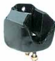
Soporte Delantero Falcon Hasta 1969 (CODD6038F)
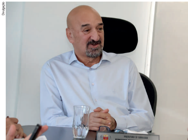
Decisão foi estratégica, diz prefeito
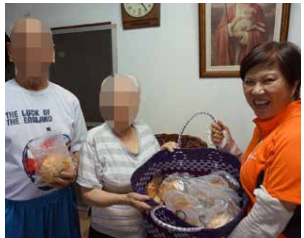
仇里長親送麵包至弱勢家庭

此外，仇里長將里內廢棄陸軍營區，整理為天山公園，讓環境煥然一新，晚上人潮不斷，使得原本為治安死角的營區搖身一變為里內著名景點，親子家庭同樂。
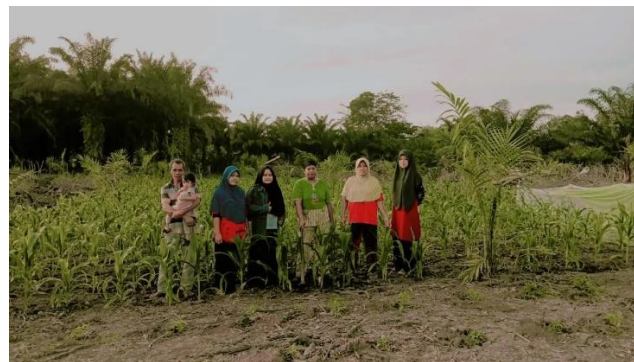
Gambar 1. Lahan dan anggota Kelompok tani Jaya bersama anggota pengabdian saat survei lokasi

Selain permasalahan utama tersebut ada juga permasalahan lain yaitu belum adanya kemasan yang baik untuk penjualan jagung hasil produksi, buah jagung langsung dijual setelah panen kepada masyarakat dan belum adanya pengolahan hasil produksi untuk produk jadi.
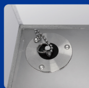
水抜き穴栓付(左前)
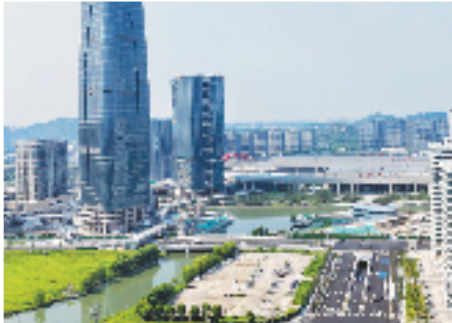
高铁绍兴北站TOD综合体。

面对优势企业增资扩产的空间需求与土地资源紧约束的现实矛盾,绍兴市推出“二次开发”模式,鼓励企业“零增地”或“少增地”,向空中要空间。政策明确,工业项目在不新增用地前提下,通过拆除重建、开发地下空间、增加建筑层数等方式实现空间扩容的,不
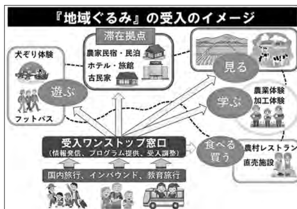
図1 地域ぐるみの受入のイメージ図

北海道では（以下道）、都市と農村との交流を促進することを目的に、平成29年度から、農業者だけでなく、宿泊業や飲食業など、地域の多様な主体が地域ぐるみで教育旅行や農泊に取り組む農村ツーリズム（愛称：農たび・北海道）を推進しています（図1）。この取組は旅行者が農村地域に滞在し、農作業体験や受入農業者と交流するとともに、豊かな自然や食の魅力に触れることにより、農業や農村に対する理解が進み、滞在後も引き続き、その地域に関心を持ち、地域の農産物を継続的に購入するなど、将来の関係人口の拡大を目的としています（図2）。

--- --- ---

PROBLEM REQUIREMENTS>
Exact repetition required: repeat the first line of the listing above, the line containing "図1 地域ぐるみの受入のイメージ図", and every line between, leaving out pictures.

ANSWER BOX>
Soporte Delantero Falcon Hasta 1969 (CODD6038F)
Decisão foi estratégica, diz prefeito
仇里長親送麵包至弱勢家庭

此外，仇里長將里內廢棄陸軍營區，整理為天山公園，讓環境煥然一新，晚上人潮不斷，使得原本為治安死角的營區搖身一變為里內著名景點，親子家庭同樂。
Gambar 1. Lahan dan anggota Kelompok tani Jaya bersama anggota pengabdian saat survei lokasi

Selain permasalahan utama tersebut ada juga permasalahan lain yaitu belum adanya kemasan yang baik untuk penjualan jagung hasil produksi, buah jagung langsung dijual setelah panen kepada masyarakat dan belum adanya pengolahan hasil produksi untuk produk jadi.
水抜き穴栓付(左前)
高铁绍兴北站TOD综合体。

面对优势企业增资扩产的空间需求与土地资源紧约束的现实矛盾,绍兴市推出“二次开发”模式,鼓励企业“零增地”或“少增地”,向空中要空间。政策明确,工业项目在不新增用地前提下,通过拆除重建、开发地下空间、增加建筑层数等方式实现空间扩容的,不
図1 地域ぐるみの受入のイメージ図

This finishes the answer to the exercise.